1.4 Contributions and structure

The Australian NEM is an example of the existing trend towards shortening lead times and increasing granularity in electricity markets. These developments reduce operational and forecast uncertainty, hence facilitating the integration of stochastic renewable energy sources.Footnote 2 At the same time, they increase computational needs and require methodologies that adapt to changes in rapid manner. To face these new challenges, we propose an algorithm that combines a feature-driven newsvendor model inspired by Ban and Rudin (2019) with a variant of the online gradient descent algorithm presented in Zeiler (2012). We conceive a case study in which we analyze an hourly forward market that closes just before the start of the next period. It relies on actual data from the Danish Transmission System Operator (TSO), Energinet,Footnote 3 and provide a relevant test bench to illustrate and discussion the salient features of our approach. To the best of our knowledge, this is the first paper that analyzes the problem of trading wind energy in an online learning setting. The contributions of our work are threefold:

  • we develop an online offering algorithm within an online learning framework. Results show that this algorithm is computationally inexpensive and achieves substantial economic profits;

  • we propose a new nonstationary regret benchmark against which we empirically compare our algorithm;

  • we showcase the ability of the proposed algorithm to adapt to nonstationary scenarios through a concise illustrative example. In addition, we analyze the superior economic performance and computational efficiency of our approach based on a case study using real-world data (published by the Danish TSO, Energinet) for a period of more than five.

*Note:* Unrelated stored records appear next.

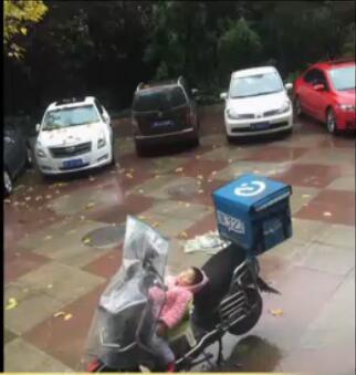 小女孩雨中躺在電動(dòng)車上睡覺
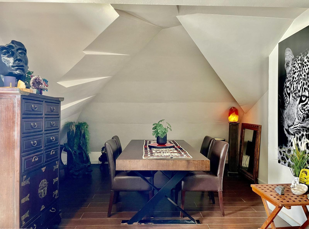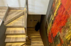El apartamento se accede a través de un hall de entrada privado, con escaleras que conducen a una planta principal luminosa y espaciosa. La sala de estar y comedor de planta abierta está diseñada en un estilo moderno de loft, con techos altos y grandes ventanas que inundan el espacio con luz natural. Una cocina totalmente equipada complementa la sala de estar, creando un flujo sin costuras para la vida cotidiana y entretenido.
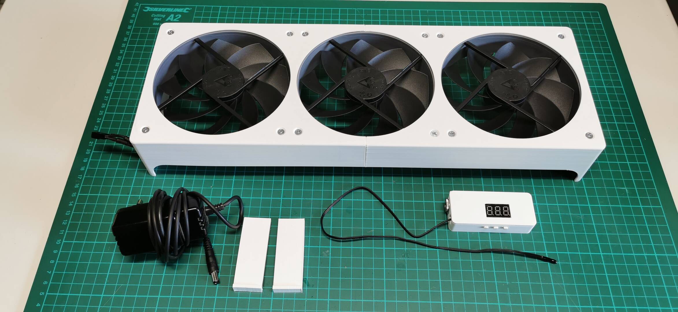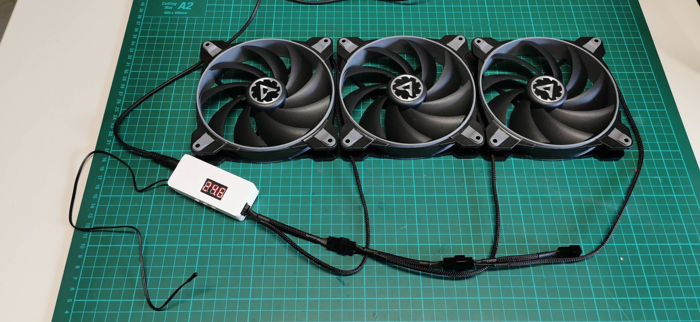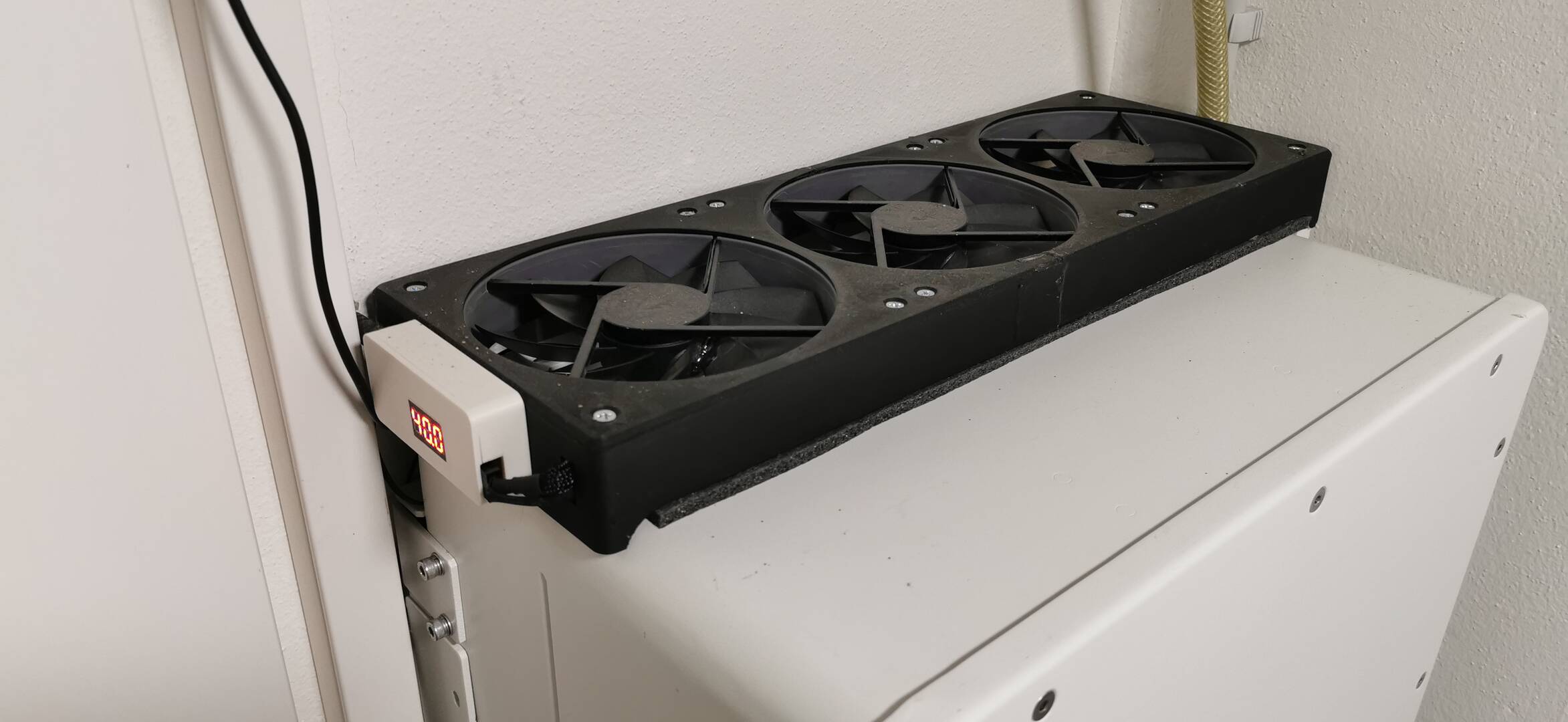 Dann habe ich noch eine Absaugung aus drei 140er Lüfter gebaut mit der gleichen Steuerung:

The remaining of the manuscript is structured as follows: Sect. 2 introduces the problem of a wind farm offering in the forward market, and for which balancing using a two-price imbalance settlement. Section 3 develops a new offering algorithm based on an adaptive gradient descent algorithm and explores several performance metrics. Section 4 is built upon two illustrative examples that investigate the behavior of an alternative online implementation and the dynamic response of this algorithm in comparison with previous rolling window approaches. Section 5 empirically analyzes the performance of our proposed algorithm in a case study based on real data retrieved from the Danish TSO, Energinet. Finally, conclusions and perspectives for future work are gathered in Sect. 6.

2 Preliminaries

2.1 Mathematical notations

We introduce here some of the most relevant mathematical notations used throughout the paper. These are placed into context when further describing the optimization and learning problems at hand in the following. In terms of indices and sets, we use j as an index for features and auxiliary information, while t is an index for time periods (hours in practice, or programme time units in the electricity market of interest). These time indices are gathered within 2 sets \({\mathcal {T}}^{\textrm{in}}\) and \({\mathcal {T}}^{\text{oos}}\), which are for training (in-sample) and testing (out-of-sample), respectively.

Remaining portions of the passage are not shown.